External Providers
The Ziti Desktop Edge for Windows (ZDEW) 2.5.2+ supports integrating with external identity providers such as Google, Auth0, Yahoo, Facebook, etc. The OpenZiti Controller has an authentication system utilizing JWTs as authentication tokens. The External JWT Signers functionality allows an OpenZiti operator to configure the OpenZiti overlay to use external providers as sources of authentication.
External providers can now be used for primary authentication with the Ziti Desktop Edge for Windows. The default authorization policy for an OpenZiti controller will allow external authentication by default. If preferred, a new auth-policy can be declared and assigned to identities, restricting those identities from using other authentication mechanisms and exclusively rely on external authentication providers.
Configuring External Auth in OpenZiti
To configure an External Provider for use with an OpenZiti tunneler, create an ext-jwt-signer.
This can be accomplished using the ziti CLI or through the Ziti Admin Console (ZAC). Properly configuring the external
jwt signer will require careful attention, as even one stray character can prevent authentication from working. It is
very easy to add an extra slash or remove an important slash. Remember, the fields all must match exactly or authentication
will fail.
The following fields are used creating an external JWT signer:
- issuer - the issuer (iss) to expect
- audience - the audience (aud) the JWT is expected to be for, for example:
openziti - client-id - a string assigned by the provider, used when performing the Auth Flow with PKCE process
- jwks-endpoint - a URL used by the OpenZiti Controller to verify the provided JWT
- claims-property to match (often
email). The JWT must contain a claim with the provided value - scopes - additional scopes to request from the provider. Often
emailorprofile - external-auth-url - the URL users are directed to for authentication with the external provider
Example Configuring OpenZiti for External Auth
A Practical Example
Locate the provider's OpenID discovery endpoint. For example, for Keycloak, the OpenID discovery endpoint is generally located at:
https://${keycloak.domain.name}:${keycloak.port}/realms/${realm-name}/.well-known/openid-configuration
The OpenID discovery endpoint returns three important fields necessary for the ext-jwt-signer. The discovery endpoint
contains the issuer, external-auth-url (within the json, this will be the authorization_endpoint value), and the
jwks-endpoint (jwks_uri from the discovery endpoint). Copy and paste these values exactly as they are
shown into either the ziti CLI command, or into the Ziti Admin Console.

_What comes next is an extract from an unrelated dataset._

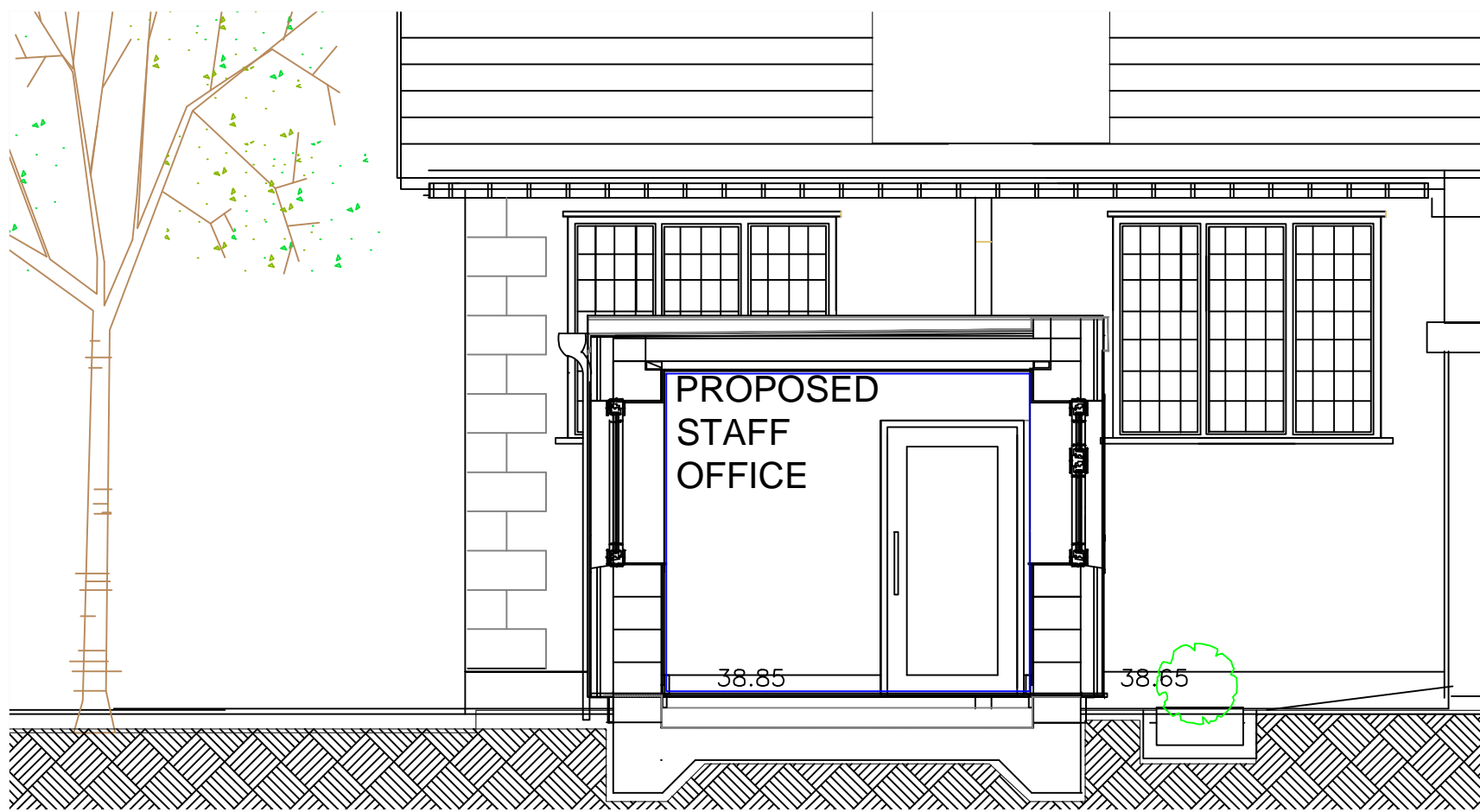
Section A-A- 1:50 New Extension

Porotherm block plaster internally and external finish cedar cladding Zinc roof and parapet cladding Aluclad windows Concrete raft foundation

After capturing the necessary fields from the discovery endpoint, determine:
- the audience the JWT will present. This can be whatever the IdP is configured for, but it would make sense to have the
audience set to something like
openziti - the client id assigned by the IdP
- the claims property that should be mapped from the JWT to an OpenZiti identity
- any scopes that the OpenZiti client should request
Example Configuring OpenZiti for External Auth
Using the ziti CLI:
With the values collected, create an ext-jwt-signer with the CLI. Replace the placeholder variables with the appropriate
content and execute:
ziti edge create ext-jwt-signer example-ext-jwt-signer $issuer \
--external-auth-url $ext_jwt_auth_url \
--jwks-endpoint $jwks_uri \
--audience $ext_jwt_audience \
--client-id $ext_jwt_client_id \
--claims-property $ext_jwt_claims_prop \
--scopes $ext_jwt_scopes
The ziti CLI will indicate success/failure of the opeation.
Using the Ziti Admin Console
Add External JWT Signer
Navigate to the Authentication page, choose JWT Signers and click the plus in the upper right
Initial Fields
Fill out the Name, Issuer, Audience, Claims Property and toggle "Use External Id" to on. Then, add the JWKS endpoint
on the right side of the screen.
More Option Fields
Toggle the "Show More Options" and fill out the Client ID, External Auth URL and add scopes. When done click "Save" in
the top right corner.
Add an Externally Authenticated Identity
After configuring the OpenZiti Controller with an external JWT signer, the ZDEW can be used to add an identity using the external provider.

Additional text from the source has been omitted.